I talk a lot about the integral relationship between compression and intelligence. Here are some simple methods. We will talk of images but images are not special in any way (just easier to visualize). Recognizing pattern in an image is easier if you can't see very well.
What?
Blur your eyes and you vastly reduce the information that has to be processed. Garbage in, brilliance out!
Do this with every image you want to compare. Make copies and blur them heavily. Now compress their size down to a very small bitmap (say 10 by 10 pixels) using a pixel averaging algorithm. Now convert each to grey scale. Now increase the contrast (about, 150 percent). Store them thus compressed. Now compare each image to all of the rest: subtract the target image from the compared image. The result will be the delta between the two. Reduce this combined image to one pixel. It will have a value somewhere between pure white (0) and pure black (256), representing the gross difference between the two images. Perform this comparison between your target image and all of the images in your data base. Rank and group them from most similar to least.

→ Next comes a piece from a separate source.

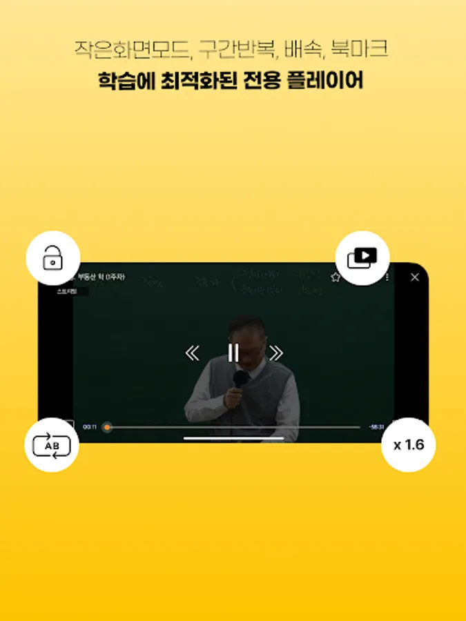 - Supports PIP mode that allows you to use your cell phone freely while watching lectures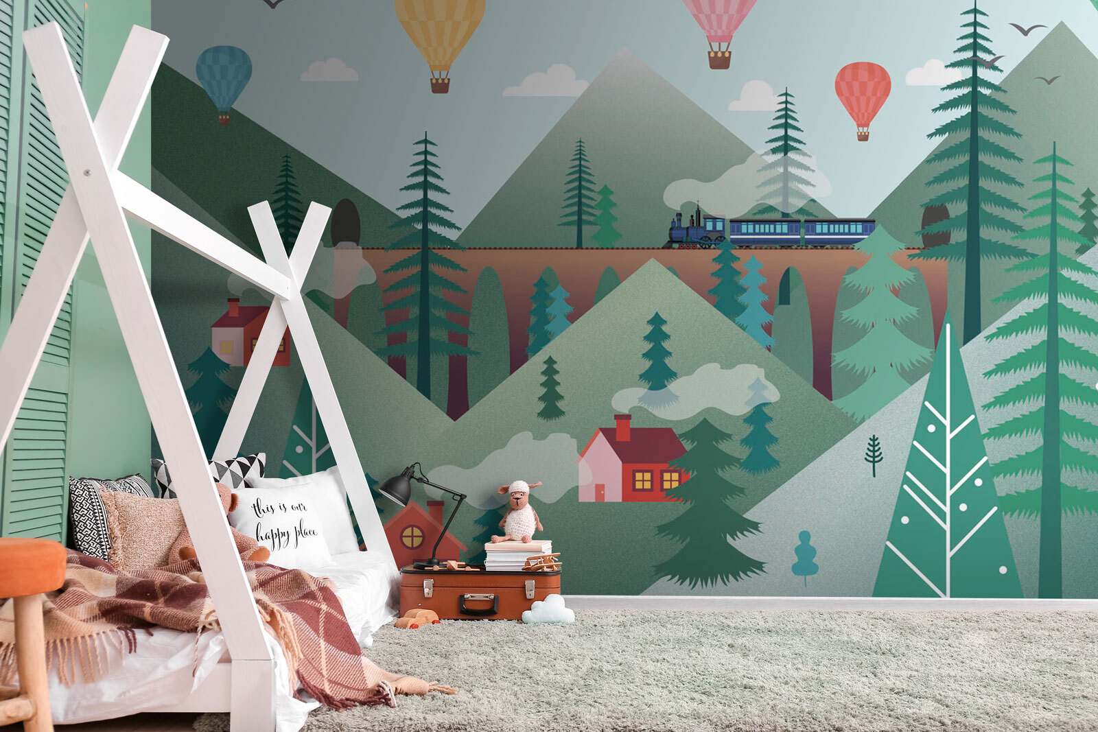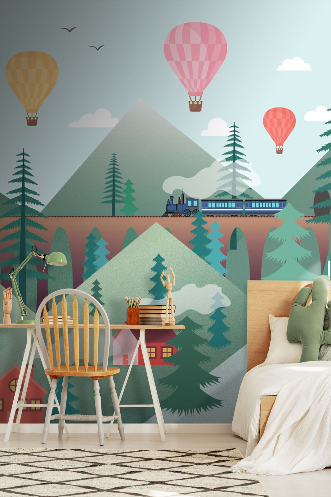 Ονειρευτήκατε ποτέ να πετάξετε στον ουρανό με ένα αερόστατο θερμού αέρα; Λοιπόν, αυτή η ιδιόρρυθμη τοιχογραφία “Ροζ αερόστατο θερμού αέρα” μπορεί να είναι το επόμενο καλύτερο πράγμα. Φανταστείτε να μετατρέψετε ένα παιδικό δωμάτιο ή ένα δωμάτιο παιχνιδιού σε έναν παστέλ παράδεισο όπου πολύχρωμα μπαλόνια αιωρούνται πάνω από γοητευτικά σπίτια και επιβλητικά βουνά. Είναι σαν μια σελίδα από παραμύθι – όπου κάθε ματιά τροφοδοτεί τη φαντασία του μικρού σας. Φωτεινό, διασκεδαστικό και πραγματικά αξιολάτρευτο, φέρνει μια αίσθηση ηρεμίας και θαυμασμού σε κάθε δωμάτιο. Επιπλέον, ποιος δεν θα λάτρευε ένα άνετο, γραφικό σκηνικό για τις ιστορίες πριν τον ύπνο ή τις περιπέτειες του παιχνιδιού; Αυτές οι μικροσκοπικές λεπτομέρειες -ο φουσκωμένος καπνός από τις καμινάδες και τα γαλήνια βουνά- προσθέτουν μια δόση μαγείας που είναι τόσο ελκυστική. Δεν είναι απλώς διακόσμηση, είναι μια καθημερινή δόση χαράς τυλιγμένη σε μια τοιχογραφία.

Now perform image averages of the top 10 percent matches. Build a graph that has all of the source images at the bottom, the next layer is the image averages you just made. Now perform the same comparison to the 10 percent that make up this new layer of averages, that will be your next layer. Repeat until your top layer contains two images.
Once you have a graph like this, you can quickly find matching images by moving down the graph and making simple binary choices for the next best match. Very fast. If you also take the trouble to optimize your whole salience graph each time you add a new image, your filter should get smarter and smarter.
To increase the fidelity of your intelligence, simply compare individual regions of your image that were most salient in the hierarchical filtering that cascaded down to cause the match. This process can back-propagate up the match hierarchy to help refine salience in the filter graph. Same process works for text or sound or video or topology of any kind. If you have information, this process will find pattern in it. Lots of parameters to tweak. Work the parameters into your fitness or salience breading algorithm and you have a living breathing learning intelligence. Do it right and you shouldn't have to know which category your information originated from (video, sound, text, numbers, binary, etc.). Your system should find those categories automatically.
Remember that intelligence is a lossy compression problem. What to pay attention to, what to ignore. What to save, what to throw away. And finally, how to store your compressed patterns such that the graph that results says something real about the meta-paterns that exist natively in your source set.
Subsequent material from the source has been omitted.